Description of the task: Below this line are records; transcribe exactly the lines between the one holding "LA FOTO DEL LECTOR" and the one holding "Wie alljährlich –", inclusive, and omit the pictures.

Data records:
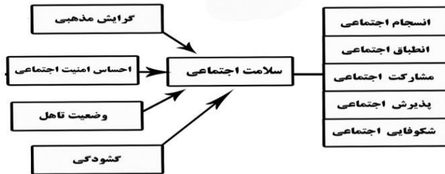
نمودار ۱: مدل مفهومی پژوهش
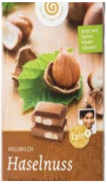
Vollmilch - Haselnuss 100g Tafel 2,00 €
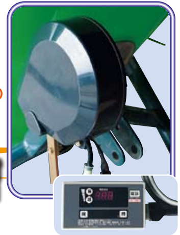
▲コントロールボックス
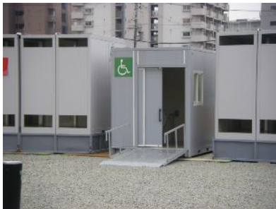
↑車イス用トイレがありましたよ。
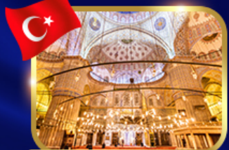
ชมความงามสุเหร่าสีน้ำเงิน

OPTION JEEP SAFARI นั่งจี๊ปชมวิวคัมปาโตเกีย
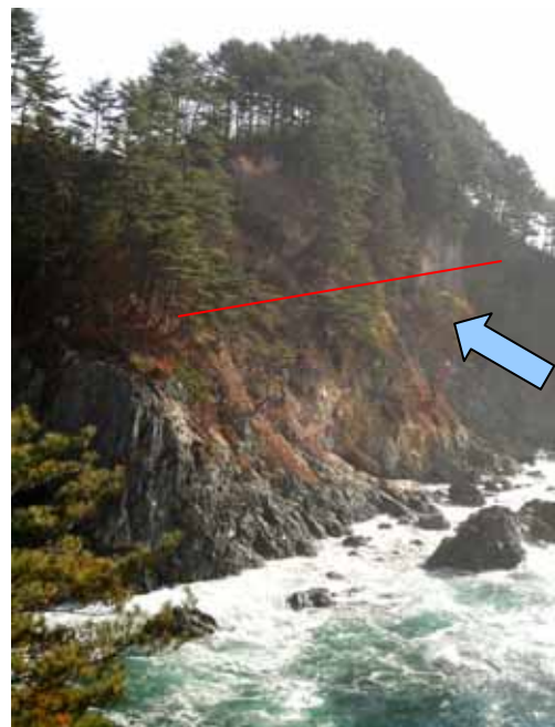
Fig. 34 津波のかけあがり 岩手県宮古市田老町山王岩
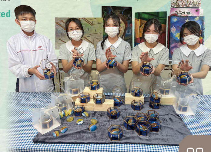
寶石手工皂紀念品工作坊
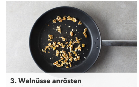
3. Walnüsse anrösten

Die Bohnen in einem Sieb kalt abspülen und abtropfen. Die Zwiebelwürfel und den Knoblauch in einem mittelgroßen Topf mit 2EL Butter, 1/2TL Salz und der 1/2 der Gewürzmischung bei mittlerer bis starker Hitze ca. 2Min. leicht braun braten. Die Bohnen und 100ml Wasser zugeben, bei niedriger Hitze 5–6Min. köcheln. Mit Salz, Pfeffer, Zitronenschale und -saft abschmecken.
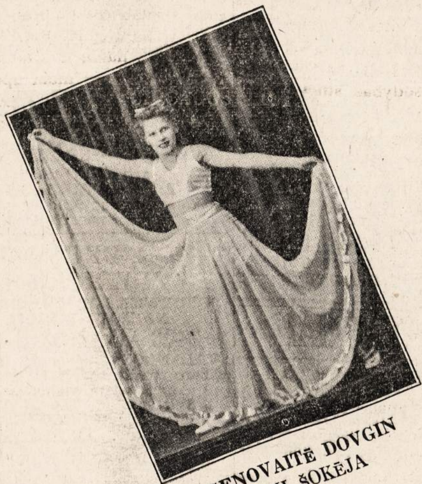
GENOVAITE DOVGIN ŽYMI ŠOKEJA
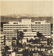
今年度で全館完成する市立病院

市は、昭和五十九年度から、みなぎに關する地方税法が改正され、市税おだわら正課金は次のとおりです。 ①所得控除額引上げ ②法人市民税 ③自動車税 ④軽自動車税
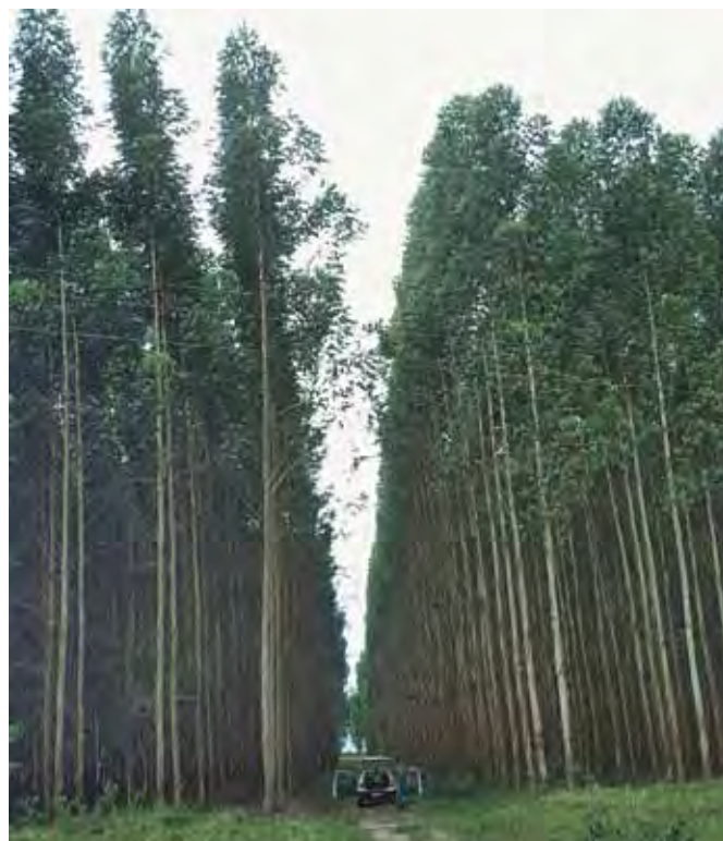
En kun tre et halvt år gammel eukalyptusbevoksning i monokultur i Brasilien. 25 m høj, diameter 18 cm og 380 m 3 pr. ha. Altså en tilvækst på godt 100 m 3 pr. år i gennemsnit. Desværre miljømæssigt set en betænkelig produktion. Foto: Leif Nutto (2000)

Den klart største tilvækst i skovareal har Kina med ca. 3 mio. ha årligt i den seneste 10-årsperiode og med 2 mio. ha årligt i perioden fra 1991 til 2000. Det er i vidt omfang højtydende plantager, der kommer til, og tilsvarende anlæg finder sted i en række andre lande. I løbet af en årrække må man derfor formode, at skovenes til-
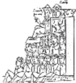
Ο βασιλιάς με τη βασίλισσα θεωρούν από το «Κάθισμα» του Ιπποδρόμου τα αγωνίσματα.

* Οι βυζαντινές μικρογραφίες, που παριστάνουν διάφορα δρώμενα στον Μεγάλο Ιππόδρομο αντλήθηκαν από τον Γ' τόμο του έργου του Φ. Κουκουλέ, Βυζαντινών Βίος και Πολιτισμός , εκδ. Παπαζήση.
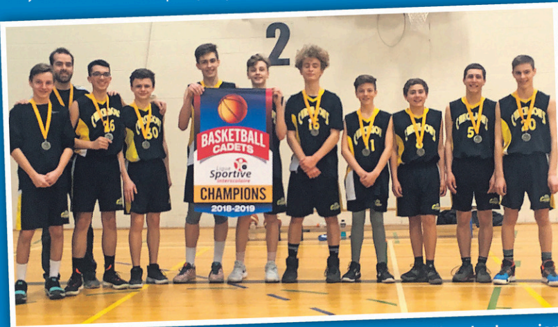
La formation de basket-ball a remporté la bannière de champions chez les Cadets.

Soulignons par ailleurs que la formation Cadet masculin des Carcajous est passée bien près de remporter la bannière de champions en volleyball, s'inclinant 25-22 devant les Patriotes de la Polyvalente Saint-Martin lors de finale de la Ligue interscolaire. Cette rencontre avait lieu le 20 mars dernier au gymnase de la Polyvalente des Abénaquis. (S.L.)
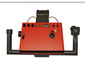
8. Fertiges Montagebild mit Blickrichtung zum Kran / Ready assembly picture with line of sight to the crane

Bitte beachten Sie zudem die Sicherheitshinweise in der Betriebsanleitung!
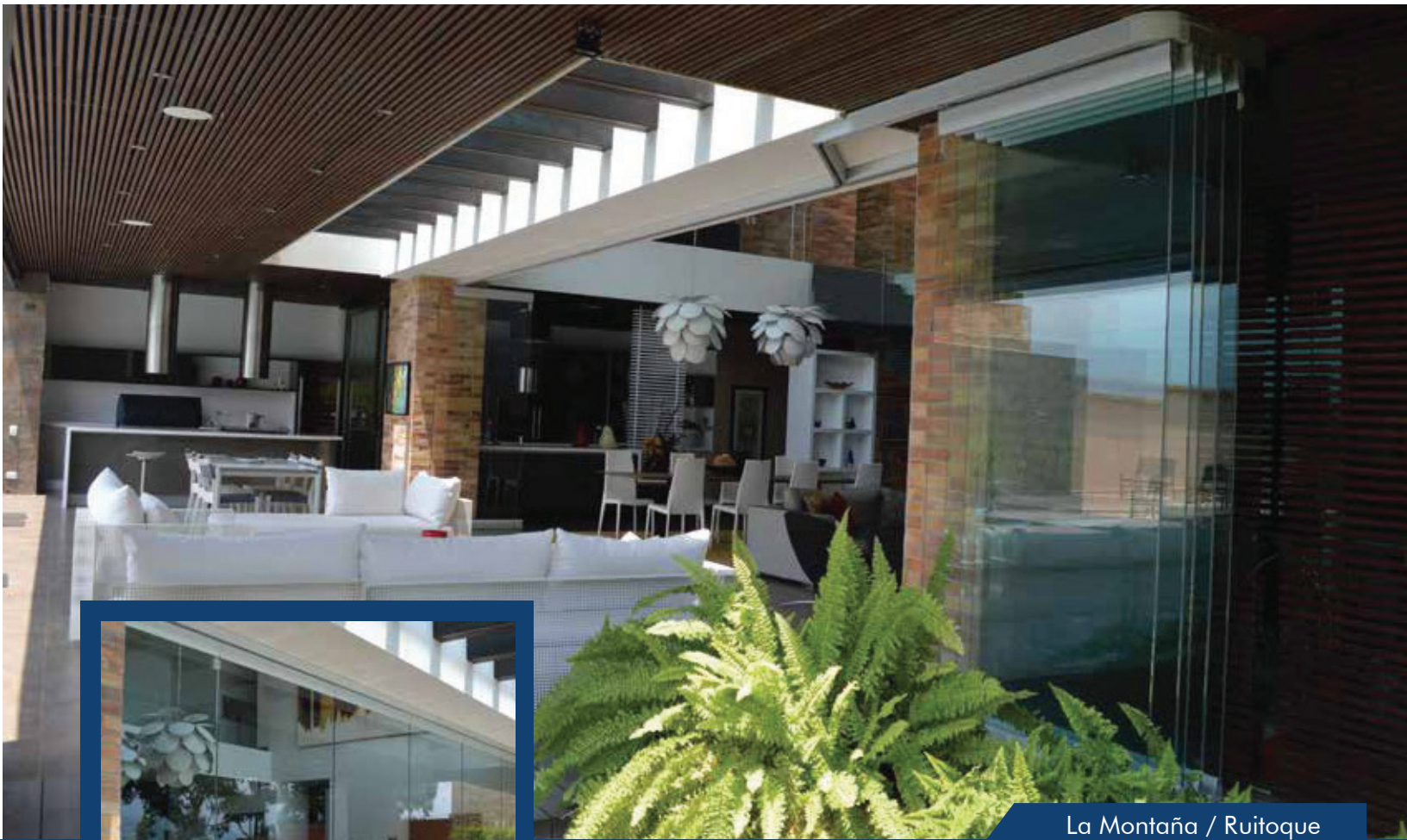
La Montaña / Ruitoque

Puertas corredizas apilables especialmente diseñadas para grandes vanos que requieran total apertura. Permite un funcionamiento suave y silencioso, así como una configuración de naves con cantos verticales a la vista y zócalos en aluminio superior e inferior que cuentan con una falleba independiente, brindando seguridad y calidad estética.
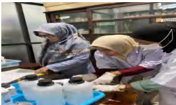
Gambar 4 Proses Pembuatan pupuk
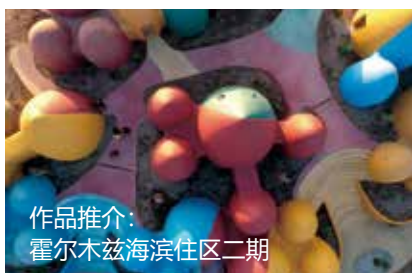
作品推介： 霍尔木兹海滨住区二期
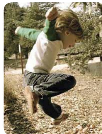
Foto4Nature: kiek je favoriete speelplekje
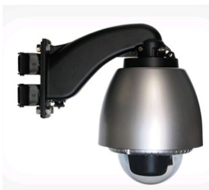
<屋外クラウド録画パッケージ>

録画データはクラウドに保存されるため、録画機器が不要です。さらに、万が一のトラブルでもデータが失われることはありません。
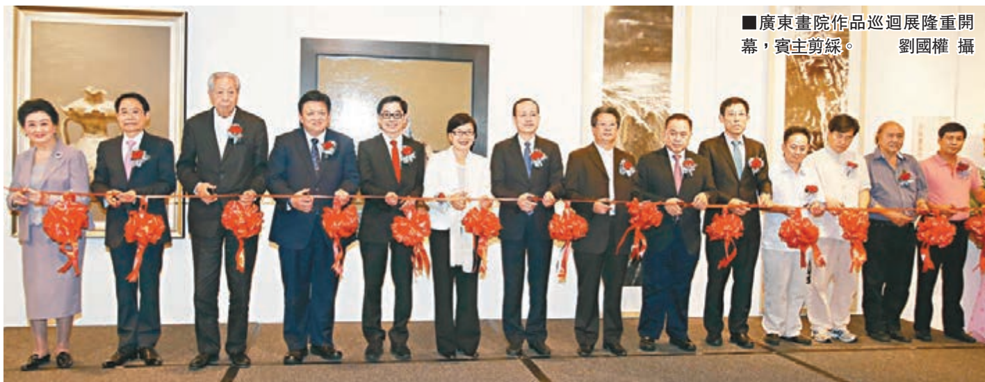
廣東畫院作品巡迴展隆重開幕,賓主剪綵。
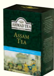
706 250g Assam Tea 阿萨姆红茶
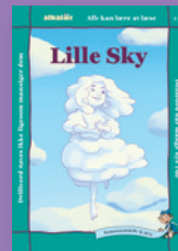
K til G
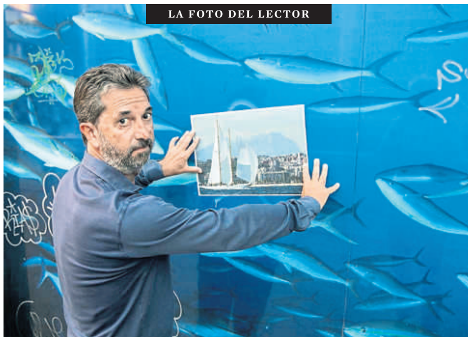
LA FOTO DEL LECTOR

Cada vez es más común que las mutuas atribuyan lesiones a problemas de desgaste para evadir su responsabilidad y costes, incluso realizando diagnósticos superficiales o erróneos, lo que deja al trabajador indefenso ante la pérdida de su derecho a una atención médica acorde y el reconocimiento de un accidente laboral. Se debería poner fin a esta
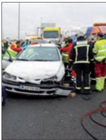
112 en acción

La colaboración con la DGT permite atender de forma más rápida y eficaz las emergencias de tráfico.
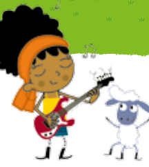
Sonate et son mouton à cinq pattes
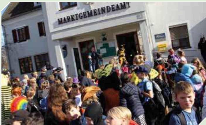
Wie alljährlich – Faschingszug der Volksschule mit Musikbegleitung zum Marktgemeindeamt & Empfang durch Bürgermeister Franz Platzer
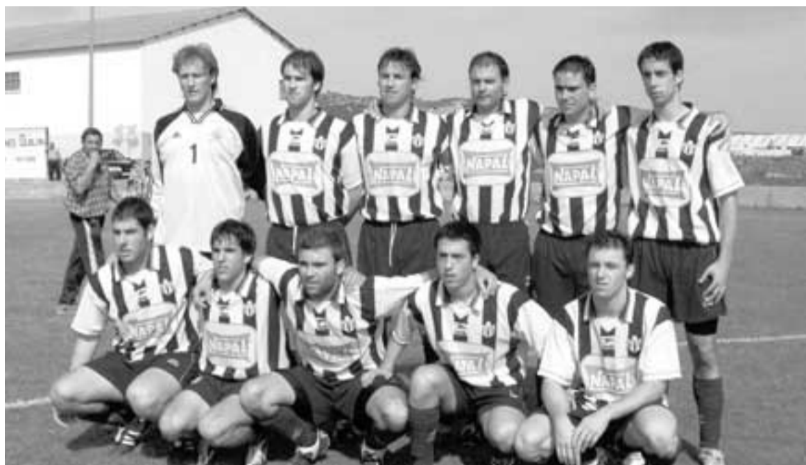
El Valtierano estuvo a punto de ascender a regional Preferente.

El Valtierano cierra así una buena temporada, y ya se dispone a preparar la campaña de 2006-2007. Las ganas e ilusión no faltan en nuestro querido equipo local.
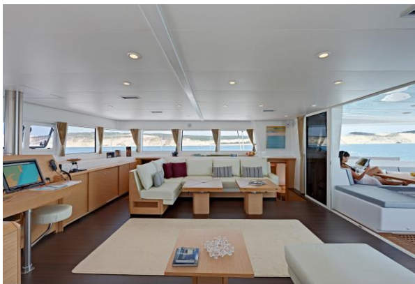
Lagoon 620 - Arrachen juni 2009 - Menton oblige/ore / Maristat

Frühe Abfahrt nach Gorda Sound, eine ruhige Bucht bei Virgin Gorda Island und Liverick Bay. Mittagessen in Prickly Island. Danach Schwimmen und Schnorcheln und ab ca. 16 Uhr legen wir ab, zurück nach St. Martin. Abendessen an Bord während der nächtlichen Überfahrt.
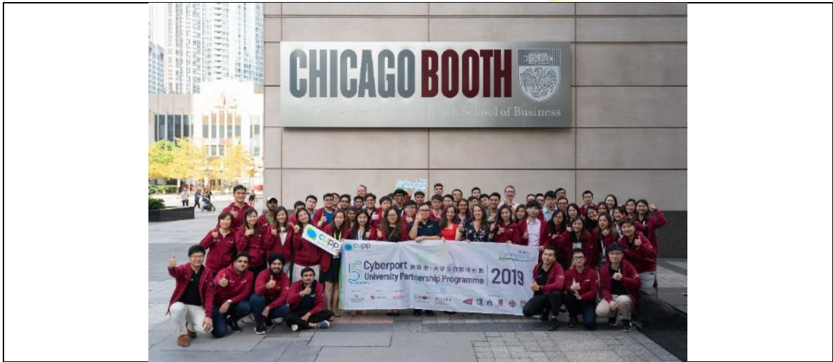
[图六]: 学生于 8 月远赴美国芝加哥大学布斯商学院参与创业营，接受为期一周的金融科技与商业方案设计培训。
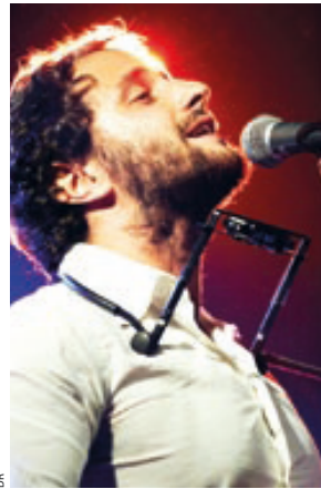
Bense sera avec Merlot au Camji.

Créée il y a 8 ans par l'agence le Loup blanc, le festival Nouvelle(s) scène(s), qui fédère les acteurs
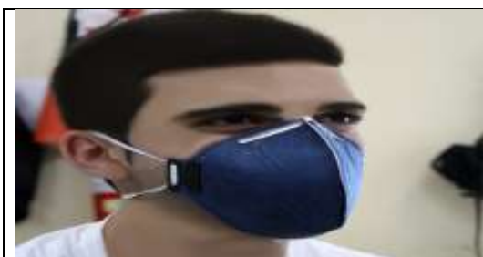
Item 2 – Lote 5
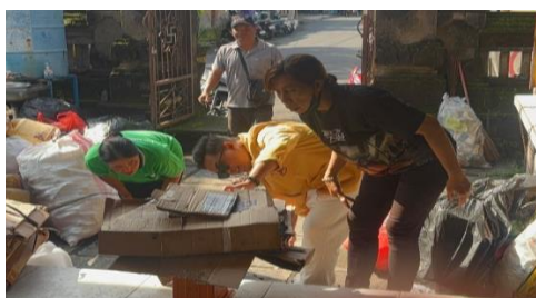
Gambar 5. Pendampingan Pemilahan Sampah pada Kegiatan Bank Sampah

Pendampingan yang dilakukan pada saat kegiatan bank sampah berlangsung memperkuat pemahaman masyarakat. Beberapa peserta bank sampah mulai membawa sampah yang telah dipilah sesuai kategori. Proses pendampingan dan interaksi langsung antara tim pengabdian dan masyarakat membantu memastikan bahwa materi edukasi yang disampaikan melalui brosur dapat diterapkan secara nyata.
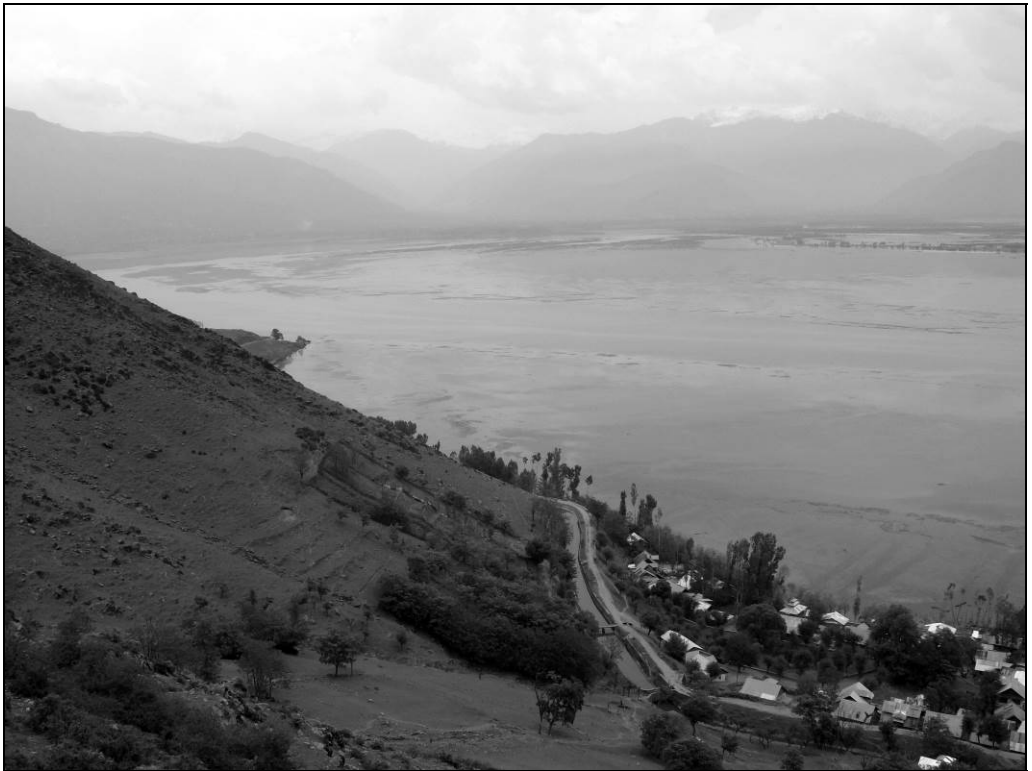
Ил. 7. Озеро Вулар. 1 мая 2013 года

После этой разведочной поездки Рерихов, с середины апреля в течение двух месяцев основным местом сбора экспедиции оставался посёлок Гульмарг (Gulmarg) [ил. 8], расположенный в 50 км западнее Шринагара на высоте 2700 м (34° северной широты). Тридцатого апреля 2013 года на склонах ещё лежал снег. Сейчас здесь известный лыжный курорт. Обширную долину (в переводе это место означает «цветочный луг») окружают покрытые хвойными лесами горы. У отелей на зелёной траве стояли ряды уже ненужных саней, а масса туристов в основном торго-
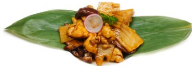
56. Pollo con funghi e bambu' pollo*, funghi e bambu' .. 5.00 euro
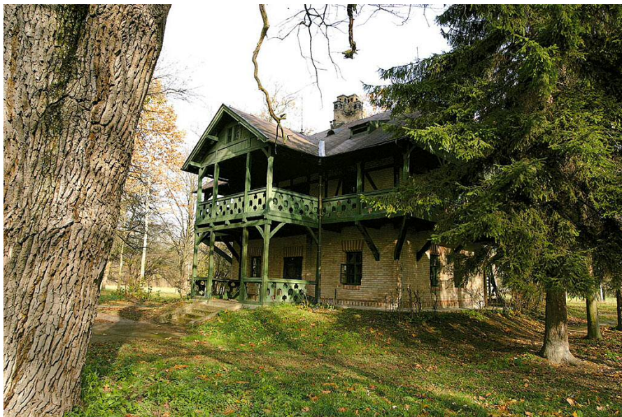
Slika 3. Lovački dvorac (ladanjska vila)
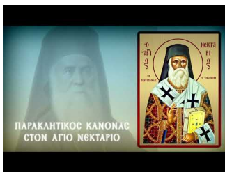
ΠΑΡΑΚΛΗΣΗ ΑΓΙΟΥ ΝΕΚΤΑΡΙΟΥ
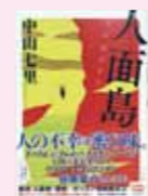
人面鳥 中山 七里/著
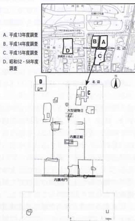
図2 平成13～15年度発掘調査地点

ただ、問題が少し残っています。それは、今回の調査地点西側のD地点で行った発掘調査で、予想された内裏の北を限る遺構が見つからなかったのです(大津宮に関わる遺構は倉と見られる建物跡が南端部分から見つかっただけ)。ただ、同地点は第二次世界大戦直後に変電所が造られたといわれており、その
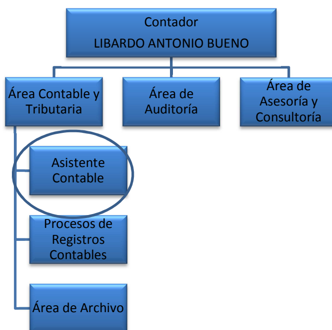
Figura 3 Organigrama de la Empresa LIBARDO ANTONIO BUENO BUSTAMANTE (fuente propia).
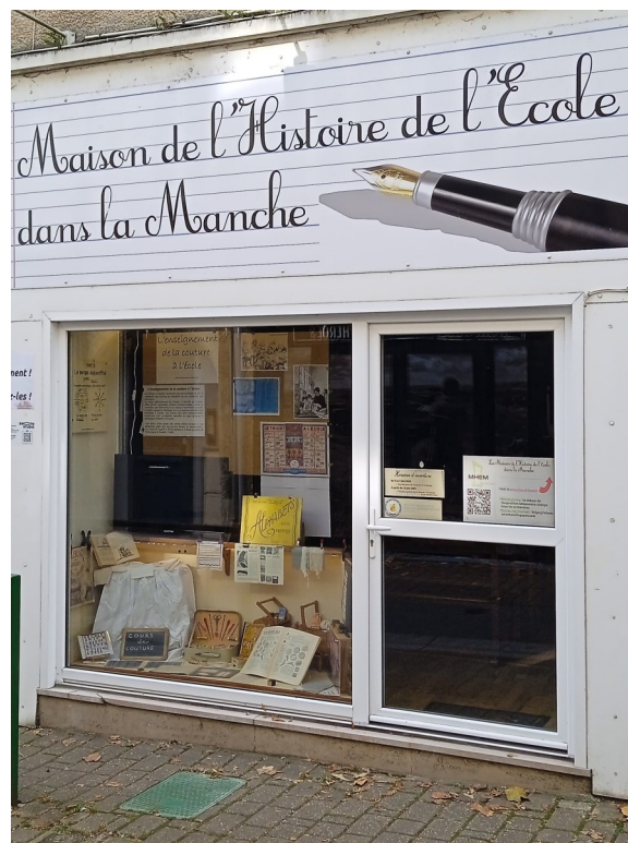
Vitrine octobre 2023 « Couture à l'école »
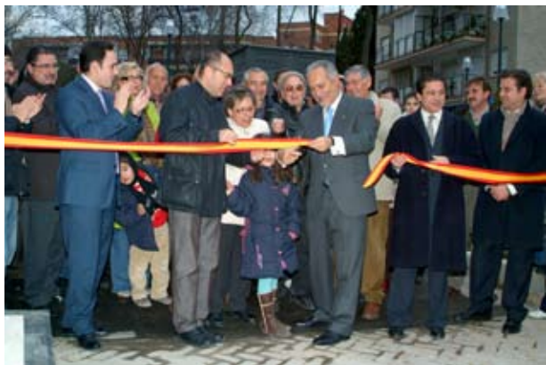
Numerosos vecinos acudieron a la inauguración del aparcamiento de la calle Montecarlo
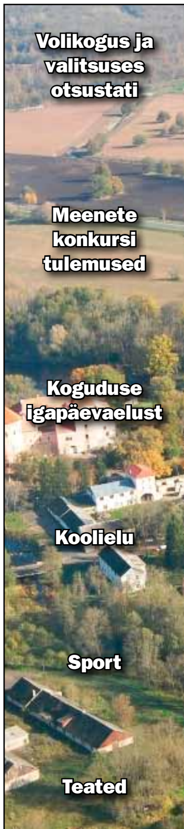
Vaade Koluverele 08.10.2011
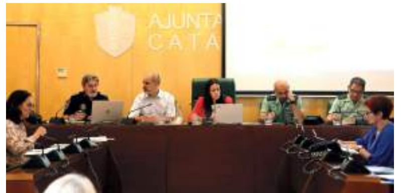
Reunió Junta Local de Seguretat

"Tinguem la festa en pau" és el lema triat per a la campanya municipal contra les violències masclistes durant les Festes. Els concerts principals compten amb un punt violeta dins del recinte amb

Response box:
LA FOTO DEL LECTOR

Cada vez es más común que las mutuas atribuyan lesiones a problemas de desgaste para evadir su responsabilidad y costes, incluso realizando diagnósticos superficiales o erróneos, lo que deja al trabajador indefenso ante la pérdida de su derecho a una atención médica acorde y el reconocimiento de un accidente laboral. Se debería poner fin a esta
112 en acción

La colaboración con la DGT permite atender de forma más rápida y eficaz las emergencias de tráfico.
Sonate et son mouton à cinq pattes
Wie alljährlich – Faschingszug der Volksschule mit Musikbegleitung zum Marktgemeindeamt & Empfang durch Bürgermeister Franz Platzer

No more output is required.